# Earth-like exoplanet discovered a mere 20 light years away



## Proteus (Mar 5, 2010)

SPACE.com -- Odds of Life on Newfound Earth-Size Planet '100 Percent,' Astronomer Says

Odds of Life on Newfound Earth-Size Planet '100 Percent,' Astronomer Says
By Jeanna Bryner
LiveScience Managing Editor
posted: 29 September 2010
05:03 pm ET

This story was updated at 8:58 p.m. ET.

An Earth-size planet has been spotted orbiting a nearby star at a distance that would makes it not too hot and not too cold — comfortable enough for life to exist, researchers announced today (Sept. 29).

If confirmed, the exoplanet, named Gliese 581g, would be the first Earth-like world found residing in a star's habitable zone — a region where a planet's temperature could sustain liquid water on its surface. [Illustration of planet Gliese 581g.]

And the planet's discoverers are optimistic about the prospects for finding life there.

"Personally, given the ubiquity and propensity of life to flourish wherever it can, I would say, my own personal feeling is that the chances of life on this planet are 100 percent," said Steven Vogt, a professor of astronomy and astrophysics at the University of California, Santa Cruz, during a press briefing today. "I have almost no doubt about it."

His colleague, Paul Butler of the Carnegie Institution of Washington, in Washington, D.C., wasn't willing to put a number on the odds of life, though he admitted he's optimistic.

"It's both an incremental and monumental discovery," Sara Seager, an astrophysicist at the Massachusetts Institute of Technology, told SPACE.com.
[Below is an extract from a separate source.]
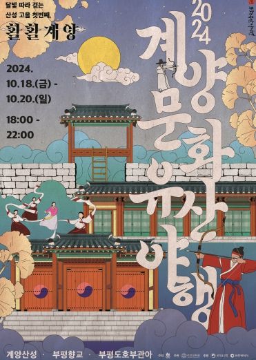 ‘2024 계양 문화유산 야행’은 삼국시대부터 중요한 군사적 요충지였던 계양산성을 필두로 유생들이 활을 통해 정신을 수련했던 부평향교, 그리고 정조대왕이 들려 활을 쏜 부평도호부관아까지 세 곳의 계양 문화유산을 ‘활’을 통해서 바라본다. 계양의 역사를 담은 미디어 파사드쇼, 연무정의 궁도 체험, 계양 역사 인물 마당극, 스탬프 투어, 코베아 옥상 시네마, 야간 포토존, 계양구 공방 플리마켓 등 누구나 쉽고 재미있게 즐길 수 있는 다채로운 행사가 풍성하게 마련됐다.

Incremental because the method used to find Gliese 581g already has found several planets most of the known planets, both super-Earths, more massive than our own world outside their stars' habitable zone, along with non-Earth-like planets within the habitable zone.

"It really is monumental if you accept this as the first Earth-like planet ever found in the star's habitable zone," said Seager, who was not directly involved in the discovery.

Vogt, Butler and their colleagues will detail the planet finding in the Astrophysical Journal.

The newfound planet joins more than 400 other alien worlds known to date. Most are huge gas giants, though several are just a few times the mass of Earth.

Stellar tugs

Gliese 581g is one of two new worlds the team discovered orbiting the red dwarf star Gliese 581, bumping that nearby star's family of planets to six. The other newfound planet, Gliese 581f, is outside the habitable zone, researchers said.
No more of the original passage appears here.